I carry mine in my front pocket also. But there is nothing else in that pocket. No keys or pocket knife, nothing. I also have no intention of trying to draw it really fast. More of a slide my hand in my pocket and grip the pistol when I feel the need.


----------



## TranTheMan (Aug 17, 2009)

Ruger LCR would be another choice, too.


----------



## dwilliams35 (Oct 8, 2006)

My fear of "pocket carry" on a revolver is more just worry that some pocket lint or something will get jammed into the cylinder, or even up in one of the chambers.. Of course, that doesn't keep me from doing it from time to time. Normally I'll use an autoloader for the purpose: skinnier gun than a 6-shot revolver, and only one significant "hole" to worry about stuff falling into...


----------



## Tortuga (May 21, 2004)

*"dwilliams35* 
"Aspiring professional pot-stirrer."

.....and you do it very well...:rotfl:


----------



## dwilliams35 (Oct 8, 2006)

Tortuga said:


> *"dwilliams35*
> "Aspiring professional pot-stirrer."
> 
> .....and you do it very well...:rotfl:


 Somebody's gotta keep this place hoppin'....


----------



## Chase4556 (Aug 26, 2008)

Dont know if it was said in the thread, I didnt read the whole thing. However, i saw the OPs comment about liking the hammer. Hammerless is the way to go though. Most ladies carry a purse, and a hammerhead revolver in a purse is the ideal setup.

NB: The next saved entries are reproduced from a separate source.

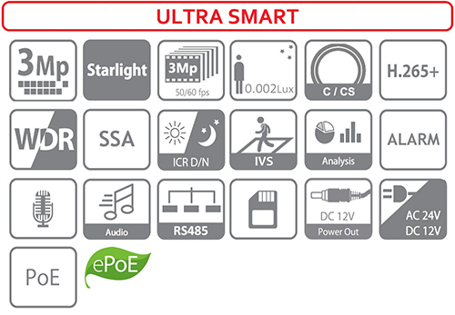 Kamera DH-IPC-HF8331F-E została wyposażona w wysokiej klasy przetwornik obrazu 1/2.8" 3MP Starvis Progressive Scan CMOS, który umożliwia zapis nagrań wideo z maksymalną z rozdzielczością 3Mpx. Czułość w technologii Starlight oraz liczne dostępne funkcje korekty, w tym WDR 140dB, SSA, 3DNR, zapewniają znakomitą jakoś obrazu. Nowoczesny układ kompresji H.265+ sprawia, że przesyłany przez kamerę sygnał zajmuje mniej na miejsca na nośniku zapisu (np. dysku HDD lub karcie microSD), co przekłada się na skuteczną ochronę oraz dłuższy czas przechowywania danych. Możliwość montażu obiektywu z gniazdem C/CS wyposażonego w Auto Iris pozwala na dokładne rejestrowanie obserwowanej sceny, a wbudowany mechaniczny filtr ICR gwarantuje prowadzenie całodobowego monitoringu z zachowaniem szczególności i czytelności uzyskiwanych nagrań. Dodatkowo inteligentne systemy analizy obrazu oraz funkcje inteligentnej analizy biznesowej zwiększają poziom bezpieczeństwa i gwarantują wykrycie wszystkich niepożądanych zachowań. Atutem urządzenia jest również wbudowany slot na karty microSD (128 GB), mikrofon oraz wejścia / wyjścia alarmowe. Kamera megapikselowa HF8331F-E może być zasilana na kilka sposobów: napięciem stałym 12V lub zmiennym 24V oraz poprzez kabel sieciowy (PoE). Dzięki wszystkim cechom montaż oraz obsługa urządzenia przebiega w sposób niezakłócony, sprawny i komfortowy. Urządzenie wspiera także technologię ePoE, dzięki której zapewnia skuteczne połączenie nawet do 800m w pełnym dupleksie.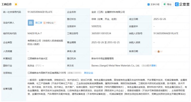 據企查查顯示,2025年2月26日,寶武(江西)金屬新材料有限公司成立,法定代表人為陳三芽,注冊資本為5000萬元,經營範圍包含:金屬材料銷售,貨物進出口,汽車零配件批發,機械設備銷售,金屬結構銷售,有色金屬合金製造,新材料技術研發等。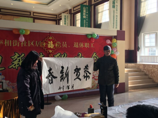 1月20日上午,联欢会在欢快的广场舞中拉开了序幕,联欢会囊括了歌曲演唱、乐器演奏、广场舞、拉丁舞、三句半、独唱等多种形式的表演,精彩的演出让人目不暇接。李相街社区艺术团歌舞队表演的开场舞蹈《开门红》,音乐旋律热情欢快,她们努力将“快乐健身、文明健身”的思想传播给更多的人,中老年朋友们炫丽的服装,优美的舞姿,完美诠释了最美夕阳红。艺术团表演的合奏《我们走在大路上》、还有女声独唱《好日子》,退休职工的尽兴书法等作品也得到了观众们的一致称赞。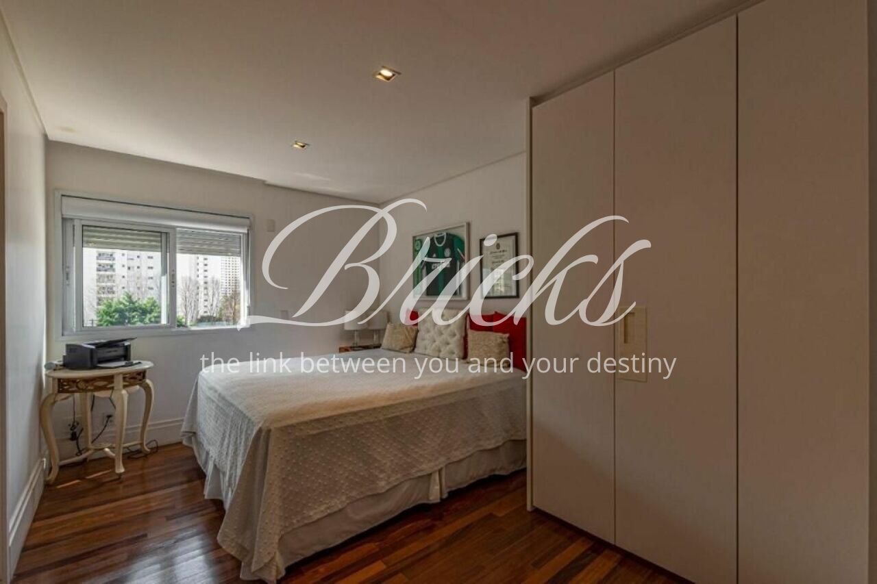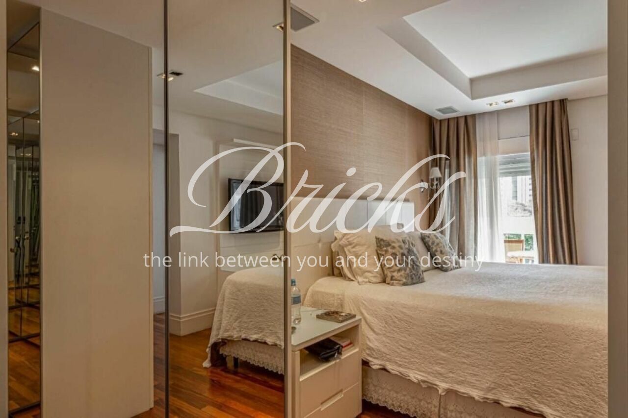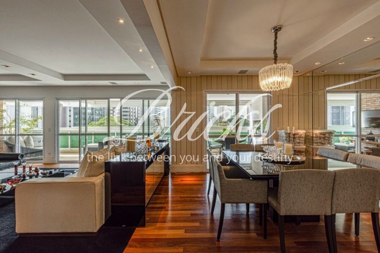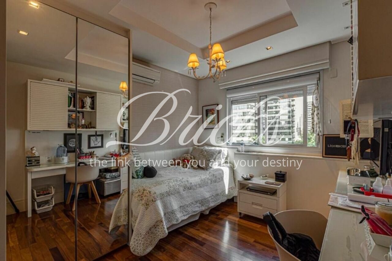 Ótimo apartamento de 239m2, 4 suítes e 4 vagas situado em um dos melhores e mais procurados condomínios da tipologia no Brooklin, disponível para ser seu próximo lar! Conta com generoso living para vários ambientes integrados, incluindo hall, estar, sala de tv e de jantar atendido por grande varanda gourmet, sistema de som in-ceiling e iluminação diferenciada em LED. Todas as suítes são espaçosas e servidas por ar condicionado e excelente marcenaria. Sendo a máster com walk-in closet muito bonito, funcional e elegante. A cozinha é um charme, ampla, com ótima iluminação e ventilação natural e marcenaria muito condizente. Toda a parte social e privativa é servida por piso em madeira nobre em ótimo estado. Nos ambientes frios, porcelanatos bem clean. O condomínio oferece piscinas adulto e infantil, academia muito boa, salão de festas, de jogos, brinquedoteca, playground, espaço gourmet, sauna e belíssimos jardins. A torre é de estilo contemporâneo, hiper recuada em relação a tua. Agende sua visita, viva seu novo momento!
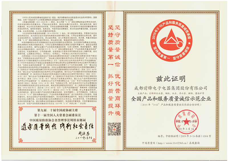 近日,從中國質(zhì)量檢驗協(xié)會傳來喜訊,在中國質(zhì)量檢驗協(xié)會主辦的“2019年3·15產(chǎn)品和服務質(zhì)量誠信承諾”主題活動中,成都前鋒電子電器有限股份公司憑借優(yōu)質(zhì)的質(zhì)量,完善的售后服務,較高的品牌信任度,榮獲“全國產(chǎn)品和服務質(zhì)量誠信示范企業(yè)”榮譽稱號。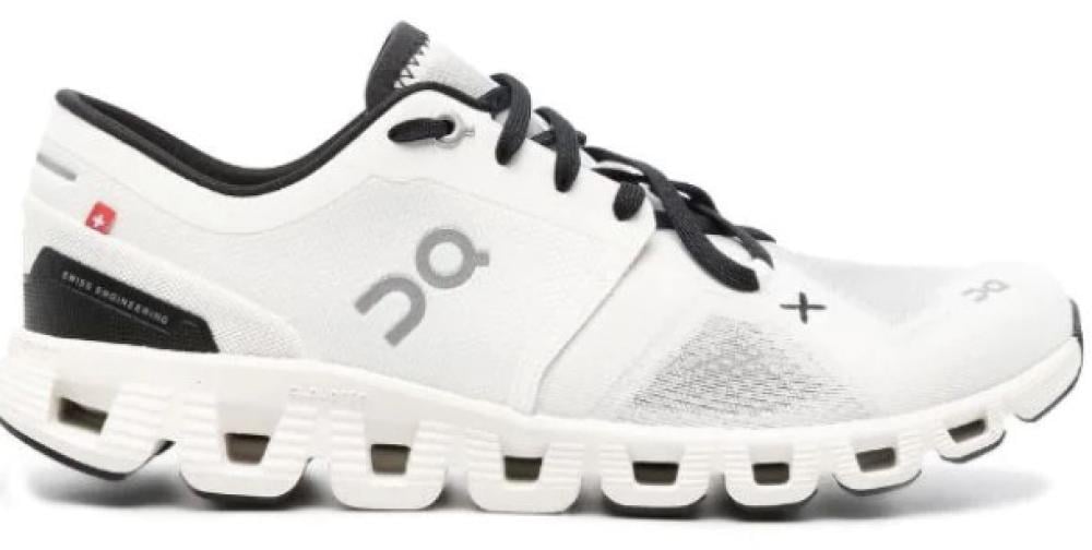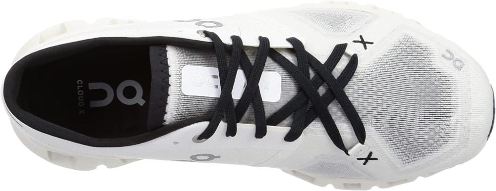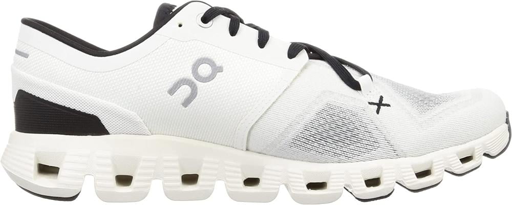 أبيض، أسود، جزء علوي منسوج، طبعة شعار جانبية، غلق برباط أمامي، مقدمة بيضاوية، نعل مطاطي سميك.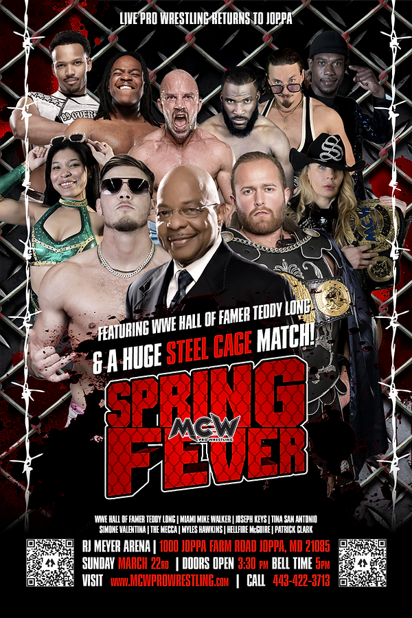 MCW Pro Wrestling will hold Spring Fever at RJ Meyer Arena, 1000 Joppa Farm Road in Joppa, Maryland, on Sunday, March 22, 2026. The doors open at 3:30 p.m., and the bell time is 5 p.m. Tickets are available online.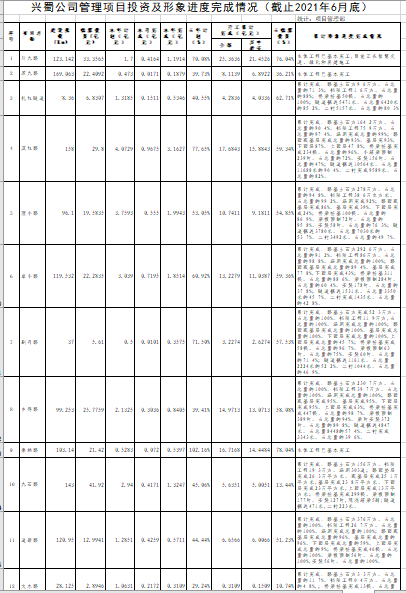 興蜀公司管理項目投資及形象進度完成情況(截至2021年6月底)

It can be fired from within a purse, and not get hung up. If you were to carry it in a purse, you can keep your hand on it while walking to the car, and if needed it will fire every time you pull the trigger. 

The 38 special is a good choice, and I would highly suggest sticking with the hammerless model. Just my .02.


----------



## Bocephus (May 30, 2008)

My Wife has a S&W 442.....great Ladies gun, no hammer to get caught on things in a purse.


----------